── Dataset records
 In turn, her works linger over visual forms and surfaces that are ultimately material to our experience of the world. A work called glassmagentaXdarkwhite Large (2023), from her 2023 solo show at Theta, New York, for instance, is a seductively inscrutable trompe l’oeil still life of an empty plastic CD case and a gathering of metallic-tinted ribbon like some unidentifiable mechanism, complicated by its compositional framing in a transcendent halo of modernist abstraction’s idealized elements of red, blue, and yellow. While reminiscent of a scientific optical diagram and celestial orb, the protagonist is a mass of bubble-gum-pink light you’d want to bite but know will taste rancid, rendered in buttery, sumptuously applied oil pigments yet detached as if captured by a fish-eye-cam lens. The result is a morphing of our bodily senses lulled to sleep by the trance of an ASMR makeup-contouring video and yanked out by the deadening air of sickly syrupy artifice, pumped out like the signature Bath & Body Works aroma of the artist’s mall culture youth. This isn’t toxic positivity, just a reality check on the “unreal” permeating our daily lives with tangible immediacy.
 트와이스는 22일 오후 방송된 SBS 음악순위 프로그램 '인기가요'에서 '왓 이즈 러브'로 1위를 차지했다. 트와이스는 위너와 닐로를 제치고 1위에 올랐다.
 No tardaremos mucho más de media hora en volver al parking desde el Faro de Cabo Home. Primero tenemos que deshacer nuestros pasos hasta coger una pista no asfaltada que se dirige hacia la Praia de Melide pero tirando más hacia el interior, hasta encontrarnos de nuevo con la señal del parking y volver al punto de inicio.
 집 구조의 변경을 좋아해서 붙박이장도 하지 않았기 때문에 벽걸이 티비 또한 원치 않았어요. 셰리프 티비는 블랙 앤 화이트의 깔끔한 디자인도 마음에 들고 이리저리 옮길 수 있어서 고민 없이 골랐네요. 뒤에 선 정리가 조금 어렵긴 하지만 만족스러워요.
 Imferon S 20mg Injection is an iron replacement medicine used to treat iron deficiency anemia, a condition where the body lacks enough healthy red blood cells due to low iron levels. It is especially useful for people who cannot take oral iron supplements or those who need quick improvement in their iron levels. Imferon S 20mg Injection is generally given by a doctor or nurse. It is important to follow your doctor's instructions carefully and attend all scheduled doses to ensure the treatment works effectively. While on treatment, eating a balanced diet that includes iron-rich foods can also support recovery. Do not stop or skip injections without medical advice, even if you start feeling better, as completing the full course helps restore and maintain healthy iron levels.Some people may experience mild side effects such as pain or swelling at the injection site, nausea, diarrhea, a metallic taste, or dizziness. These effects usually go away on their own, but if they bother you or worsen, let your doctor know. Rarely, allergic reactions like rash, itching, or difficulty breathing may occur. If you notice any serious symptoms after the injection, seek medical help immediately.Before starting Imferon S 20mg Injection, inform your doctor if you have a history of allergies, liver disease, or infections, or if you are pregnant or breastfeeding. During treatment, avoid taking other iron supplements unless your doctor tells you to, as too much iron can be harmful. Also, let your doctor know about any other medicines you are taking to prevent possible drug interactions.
────
* [Exercise details] Print exactly the lines above, starting at the line that contains "No tardaremos mucho" and ending with the last line of the records, both included.

* [Written answer]
 No tardaremos mucho más de media hora en volver al parking desde el Faro de Cabo Home. Primero tenemos que deshacer nuestros pasos hasta coger una pista no asfaltada que se dirige hacia la Praia de Melide pero tirando más hacia el interior, hasta encontrarnos de nuevo con la señal del parking y volver al punto de inicio.
 집 구조의 변경을 좋아해서 붙박이장도 하지 않았기 때문에 벽걸이 티비 또한 원치 않았어요. 셰리프 티비는 블랙 앤 화이트의 깔끔한 디자인도 마음에 들고 이리저리 옮길 수 있어서 고민 없이 골랐네요. 뒤에 선 정리가 조금 어렵긴 하지만 만족스러워요.
 Imferon S 20mg Injection is an iron replacement medicine used to treat iron deficiency anemia, a condition where the body lacks enough healthy red blood cells due to low iron levels. It is especially useful for people who cannot take oral iron supplements or those who need quick improvement in their iron levels. Imferon S 20mg Injection is generally given by a doctor or nurse. It is important to follow your doctor's instructions carefully and attend all scheduled doses to ensure the treatment works effectively. While on treatment, eating a balanced diet that includes iron-rich foods can also support recovery. Do not stop or skip injections without medical advice, even if you start feeling better, as completing the full course helps restore and maintain healthy iron levels.Some people may experience mild side effects such as pain or swelling at the injection site, nausea, diarrhea, a metallic taste, or dizziness. These effects usually go away on their own, but if they bother you or worsen, let your doctor know. Rarely, allergic reactions like rash, itching, or difficulty breathing may occur. If you notice any serious symptoms after the injection, seek medical help immediately.Before starting Imferon S 20mg Injection, inform your doctor if you have a history of allergies, liver disease, or infections, or if you are pregnant or breastfeeding. During treatment, avoid taking other iron supplements unless your doctor tells you to, as too much iron can be harmful. Also, let your doctor know about any other medicines you are taking to prevent possible drug interactions.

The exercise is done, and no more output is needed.